SDG15: How carbon offsets are protecting forests - and changing lives

clock • 4 min read

Corporate investment in carbon offsets is helping to fund a project in West Africa that is delivering on multiple Sustainable Development Goals through its protection of precious forest habitats and its services for local communities

The Upper Guinean Forest of West Africa is one of only three forested biodiversity hotspots in Africa. Until the end of the 19th century it covered most of Sierra Leone, Liberia, South-East Guinea, Southern Ivory Coast and South-West Ghana, but less than a fifth of this rainforest remains today.

The Greater Gola Landscape, straddling the Sierra Leone-Liberia border comprises the largest remnant of this critical ecosystem - over 350,000 hectares in a mosaic of protected areas, community forests, and smallholders' agricultural lands.

It is a crucial hub for biodiversity, home to the critically-endangered Western chimpanzee and pygmy hippo, along with 47 other larger mammal species, 327 bird species, and 650 endemic plant species. But like so many rainforest around the world it remains under threat on multiple fronts.

ClimateCare, an Oxford-based carbon offset provider, works with a joint venture between the RSPB, the Sierra Leone government, and the Conservation Society of Sierra Leone to help address some of the environmental challenges faced by this hiugh value habitat. The organisation works with forest edge communities, helping to create alternative livelihoods to using the forest for timber, with ClimateCare's clients helping to fund the group.

"The local communities have traditionally grown cocoa as a cash crop, so we're working with farmers to increase the productivity of the trees through better farming techniques and we're also teaching people about agroforestry," says Tom Morton, ClimateCare director. "This involves them growing other crops between the cocoa trees, such as pineapples, bananas and maize. It's a much more holistic system that can increase yields and revenues for farmers."

Agricultural outreach workers also focus on improving the quality of the cocoa crop, simply by measuring the moisture content of the beans and sending them back to be dried for longer if they are too wet. "This creates a more consistent, premium product and it is one that is traceable, enabling the farmers to sell some of their crop directly to chocolate makers, enabling them to increase their incomes," Morton adds.

The project has helped communities further diversify their incomes by growing rice, and it has also set up a savings and loan programme that has enabled local people - many of them women - to borrow small amounts to set up their own businesses. "One woman went to Freetown (the capital of Sierra Leone) and bought a load of hair and beauty products, which she was able to sell in her community," recalls Morton. "Another did the same thing with shoes. These opportunities were not there previously, particularly for women."

No one initiative on its own is a silver bullet but this holistic approach to engaging communities and increasing prosperity is all aimed at avoiding deforestation and therefore generating carbon credits that are sold to companies looking to offset their emissions or those of their customers. 

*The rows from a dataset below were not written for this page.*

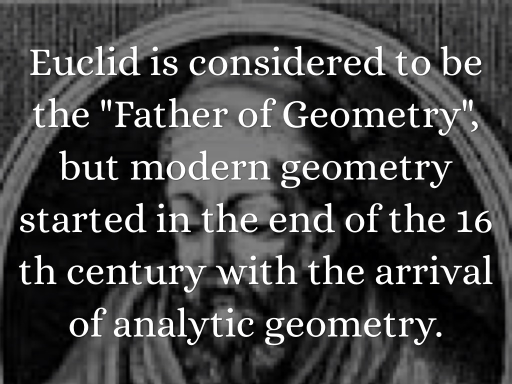 Euclid is considered to be the "Father of Geometry", but modern geometry started in the end of the 16 th century with the arrival of analytic geometry.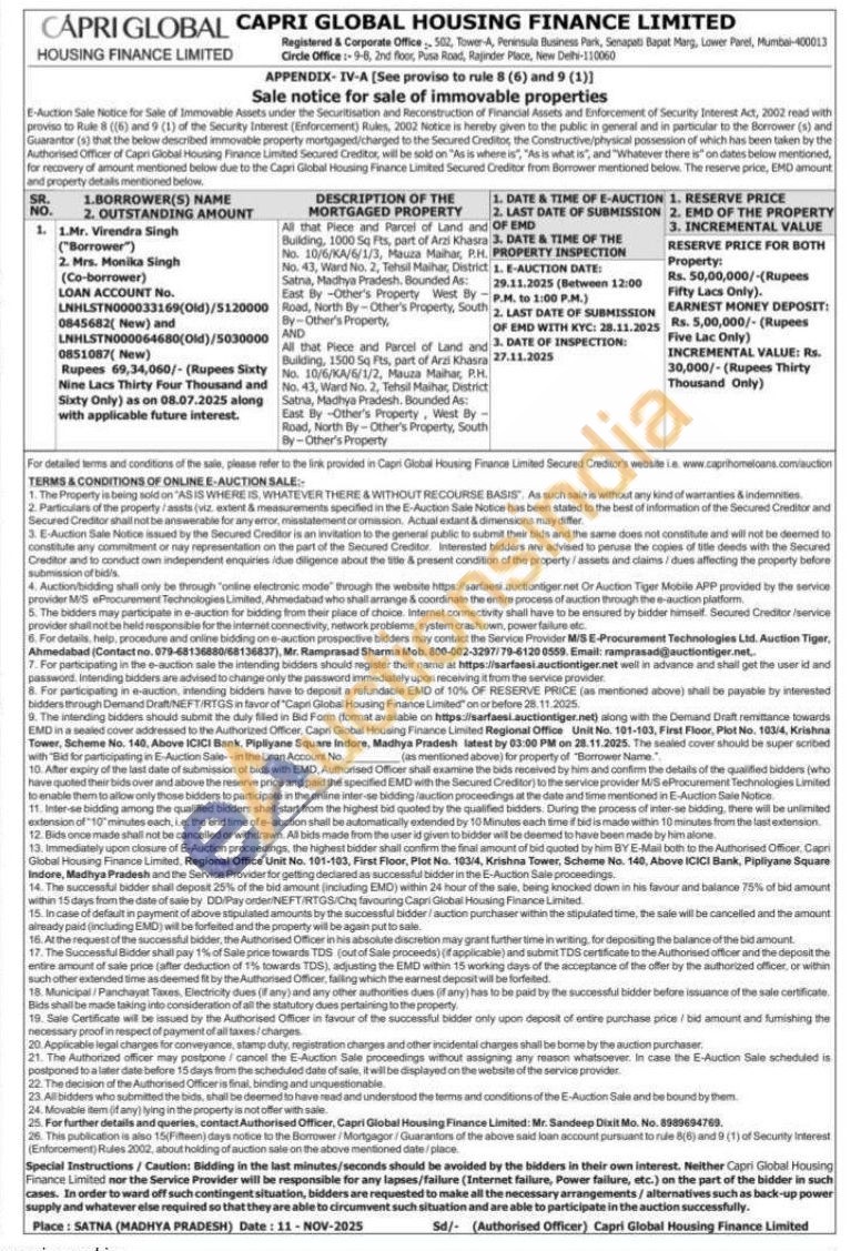 All that Plece and Parcel of Land and Building, 1000 Sq Fts, part of Arzi Khasra No. 10/6/KA/6/1/3, Mauza Maihar, P.H. No. 43, Ward No. 2. Tehsil Malhar, District Satna, Madhya Pradesh, Bounded As: Road, North By-Other's Property, South East By -Other's Property West By-By-Other's Property& All that Piece and Parcel of Land and Building, 1500 Sq Fts, part of Arzi Khasra No. No. 10/6/KA/6/1/2, Mauza Maihar, PH. No. 43, Ward No. 2. Tehsil Maihat, District Satna, Madhya Pradesh. Bounded As: East By -Other's Property, West By-Road, North By-Other's Property, South By-Other's Property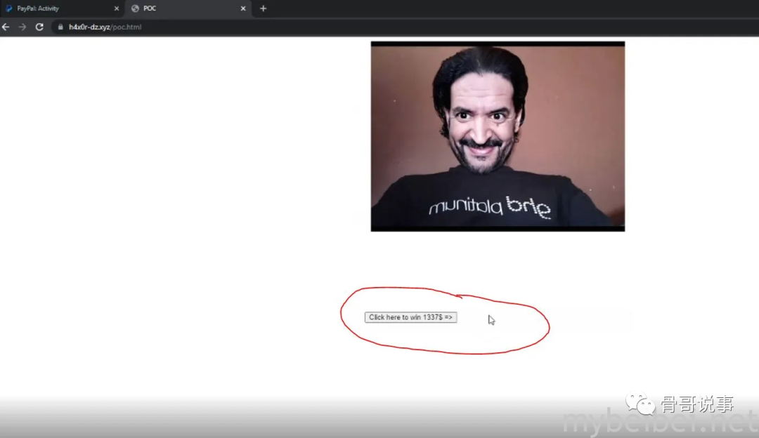 攻击者能够在 Iframe 中加载敏感的 paypal.com 端点,当攻击者点击“near to click here”时,就会购买一些东西。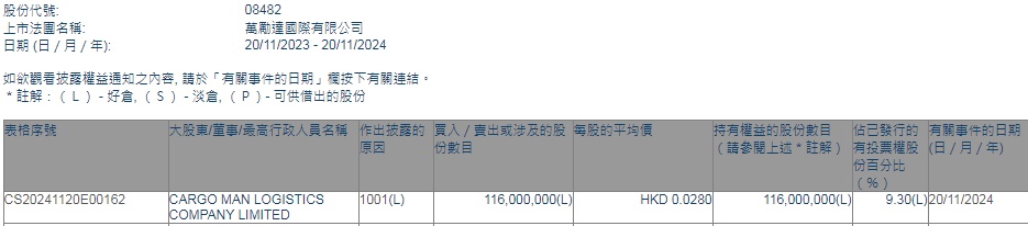 智通财经APP获悉,香港联交所最新资料显示,11月20日,CARGO MAN LOGISTICS COMPANY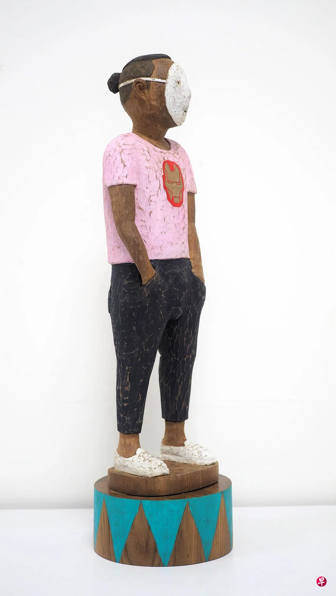 有一天,Art Porters画廊负责人探访我国雕塑家林序毅(60岁)工作室,看到他木刻一个戴粉红口罩的女孩雕像《2020年五月的某一天》,建议他做一系列戴口罩的雕像办展。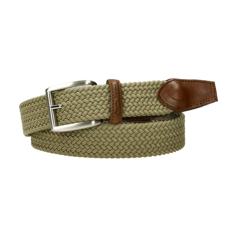 Tenemos este cinturón elástico trenzado también en un verde suave precioso, hecho en España. Su secreto es la goma elástica de calidad italiana con rayón, por eso no pierde forma. Y lo mejor, sin agujeros, ajustándolo a tu medida perfecta en cualquier momento. Ideal para esos días en que uno se pasa un poco con la comida, ¿verdad? Cómodo, versátil y siempre en su sitio.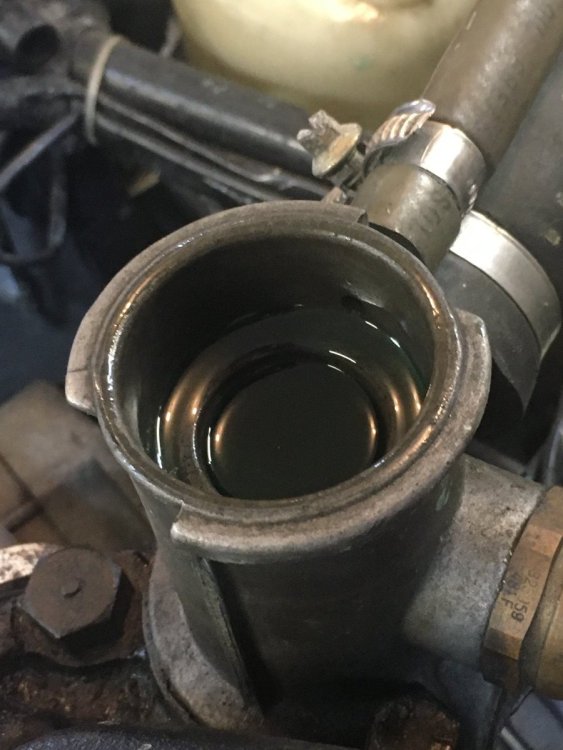 Took off the nose. Pushed the car out of the shop into the garage. Opened the garage door. Placed a couple of fire bottles nearby. Topped up the coolant by taking it out of the overflow bottle with a turkey-baster. I think the coolant cap is missing the outer seal that allows the engine to pull the coolant back from the overflow bottle into the radiator. Started the car and warmed it all the way up. No hot wires. No apparent leaks. No smoke. Just could not make it fail. Drove it around the neighborhood with nose and engine cover off for a while. Winter is setting in, so I may not get it on the road again. On my winter list is sourcing a proper cap and the radiator hose from the thermostat to the radiator. It is not leaking, but there is some checking on the thermostat end. No point in waiting for it to fail.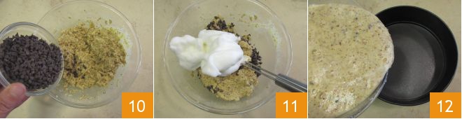 When the dough is well blended, add the chocolate chips 10 and the beaten egg whites 11, then gently mix with upward movements so as not to deflate the mixture. Pour the dough into a 9.5 inch (34 cm) diameter cake pan that you have previously buttered 12.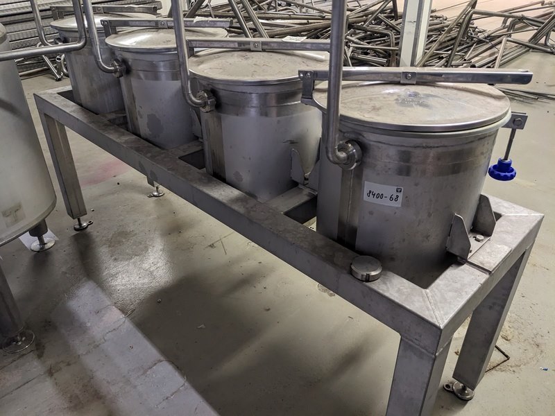 Merk: De Jager Product: Extractie tanks op frame Materiaal: RVS 304 Afmeting: L210cm x B57cm x H115cm Conditie: gebruikt Specificaties: frame met 4 extractietanks van circa 65 liter/stuk, uitgevoerd met deksel en RVS filtermand, allen voorzien van aftapkraan en vulleiding

All of these activities are aimed at protecting the forest rather than cutting it down for timber. "We do a lot of education about the benefits of trees being left standing, such as their role in rainfall patterns," Morton points out. "And we talk about the benefits of not eating bush meat, which means more animals, which in turn means more tourists and more employment. We're also working on setting up a ranger team to monitor the wildlife and look out for snares."

The project addresses a number of aspects of SDG15, including Target 15.2 to "promote the implementation of sustainable management of all types of forests, halt deforestation, restore degraded forests and substantially increase afforestation and reforestation globally"; target 15.5, which promises to "take urgent and significant action to reduce the degradation of natural habitats, halt the loss of biodiversity and, by 2020, protect and prevent the extinction of threatened species"; target 15.7 to "take urgent action to end poaching and trafficking of protected species of flora and fauna and address both demand and supply of illegal wildlife products", thanks to its training of rangers; and target 15.9 to ensure that "by 2020, integrate ecosystem and biodiversity values into national and local planning, development processes, poverty reduction strategies and accounts". 

But, given the interconnections between the SDGs, it also helps contribute to a number of other goals, including SDG1 on No Poverty, SDG 5 on Gender Equality, SDG8 on Decent Work and Economic Growth, and SDG13 on Climate Action.

At the same time, the project, which reduces global carbon emissions by half a million tonnes of CO2e annually, also plays an important role in the rebuilding of lives after over a decade of civil war and, more recently, the worst ever recorded outbreak of Ebola.

"Not every ton of emissions reductions is the same," Morton says. "Here, you're paying for emissions reductions but there are a host of other environmental and social benefits as well."